Better use of data - Connecting addresses in datasets
Addresses in datasets are a complicated thing. For example, they may have typos and abbreviations, they might rely on the context of the dataset (is this Melbourne Australia, or Melbourne Florida), and they may be more or less specific. Given an address or dataset containing addresses, how can we discover useful connections with other datasets given a large corpus of potential information?
During COVID there was a need to coordinate the deployment of inspections across business throughout Victoria. There weren’t enough resources to inspect everything, but we wanted to have an idea of the fraction of businesses we were covering.
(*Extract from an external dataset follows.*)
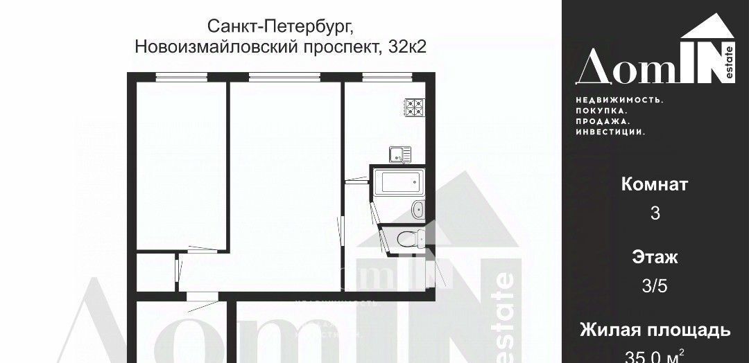 3-к кв. Санкт-Петербург Новоизмайловский просп., 32К2 (56.0 м²)

We received datasets from business registrars, work safety authorities, and enforcement agencies and had to piece together their inconsistent schemas to form a full picture.
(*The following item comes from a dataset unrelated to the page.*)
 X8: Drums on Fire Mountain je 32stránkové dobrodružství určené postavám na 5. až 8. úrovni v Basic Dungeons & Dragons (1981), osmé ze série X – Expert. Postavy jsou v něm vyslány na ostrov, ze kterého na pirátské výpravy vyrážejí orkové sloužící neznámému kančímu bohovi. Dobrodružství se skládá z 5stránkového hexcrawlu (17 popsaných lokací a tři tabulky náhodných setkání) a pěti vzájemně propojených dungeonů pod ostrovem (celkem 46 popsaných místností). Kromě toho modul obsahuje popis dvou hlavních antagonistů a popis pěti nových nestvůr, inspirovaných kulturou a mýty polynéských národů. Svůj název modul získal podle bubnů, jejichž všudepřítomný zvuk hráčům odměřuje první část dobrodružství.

Attempts were made to use ML to parse the addresses, but the final solution ended up mostly being a collection of regular expressions.
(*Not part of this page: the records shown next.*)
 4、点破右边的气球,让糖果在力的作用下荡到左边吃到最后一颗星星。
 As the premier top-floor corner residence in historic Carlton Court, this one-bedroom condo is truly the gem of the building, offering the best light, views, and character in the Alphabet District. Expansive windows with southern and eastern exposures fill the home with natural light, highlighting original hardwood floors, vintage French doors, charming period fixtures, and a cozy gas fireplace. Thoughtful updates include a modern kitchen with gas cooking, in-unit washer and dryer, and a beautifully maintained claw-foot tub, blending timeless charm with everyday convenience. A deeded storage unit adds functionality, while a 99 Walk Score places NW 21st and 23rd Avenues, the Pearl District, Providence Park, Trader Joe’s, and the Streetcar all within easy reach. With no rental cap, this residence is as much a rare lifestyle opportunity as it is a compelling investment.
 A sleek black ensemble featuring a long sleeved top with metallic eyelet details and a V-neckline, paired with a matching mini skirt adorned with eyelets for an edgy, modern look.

We had difficulty with the following:
• Units or non-detached residence naming conventions e.g. Unit 1, 1/43
• Road names and its various abbreviations and suffixes
• Hyphenation and forward slashes
• Shopping centre, University Campus and Defence Barracks addressing
• Suburb names that included street abbreviations in it name, like St Kilda
To give a particularly curly example, the location of Castlemaine Primary School is not a numbered street address, but a “corner of” address:
Castlemaine Primary School
Cnr Mostyn & Urquhart Street
Castlemaine VIC 3450
This problem was the genesis of this challenge; addresses were originally created for human-to-human communication within a given context, not for data science. How can we solve addresses and more easily connect our datasets?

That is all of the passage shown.